To build, simply run
make clean; make
Then use mpirun to run the example
mpirun -hostfile mpihosts -n 8 -N 1 ~/sgx-mpi/app TESTFILE.txt
This will run the example on 8 SGX-enabled compute nodes specified in the mpihosts file.
We assumed you have a preconfigured cluster with SGX-enabled compute nodes.
This prototype/example is a proof of concept work towards a more generalized framework. Currently it serves as a template if you want to run your similar dtaa-parallel applications using this framework. The steps are the following:
In the 'trusted' section, define the interface that you will call from the unsecured part (App) to the secured part (Enclave). This is the core processing function that deals with the splitted datasets. In the 'untrusted' section define the reduce funtion that will reduce the partial results from each worker process.
This is the implementation of the function defined in the 'trusted' part of the interface.
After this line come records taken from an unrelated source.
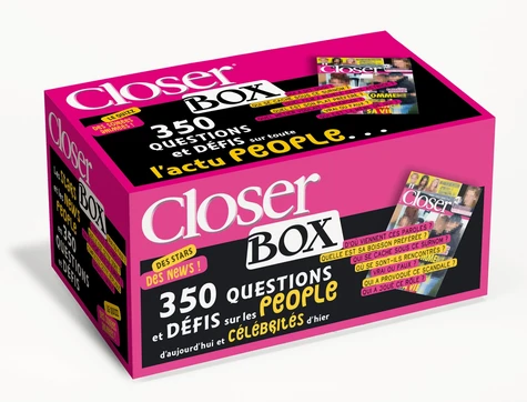 Dans la boîte : 350 cartes questions/réponses réparties en 6 thématiques (Musique, Cinéma, Télévision,Séries, Personnalités, Sport). 1 livret de 32 pages avec la règle du jeu et des commentaires sur les réponses. Les questions sont des QCM, des vrais ou faux, des questions ouvertes, etc.). Quelques exemples : Quel métier exerçait Harrison Ford avant de devenir acteur? (a) policier, b) cuisiner c) charpentier ? réponse c).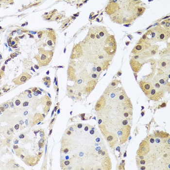 Immunohistochemistry of paraffin-embedded human stomach using HNRNPL antibody.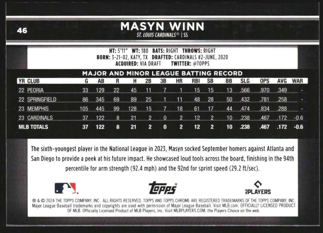 2024 Topps Chrome Black #46b Masyn Winn RC

This part will be executed in SGX enclaves.
Use the App.cpp example as a template, to do data loading, splitting, and the framework will distribute the workload into multiple (number to be specified during running time with mpirun) nodes/enclaves. Also implement the reduce_partial_results function in which to summarize the overall results.
We are expanding this proof of concept work to a more generalized framework working with more general real world applications from field such as bioinfromatics. During this process we will have more abstracted framework structure and more streamlined way for developers and users to use the framework.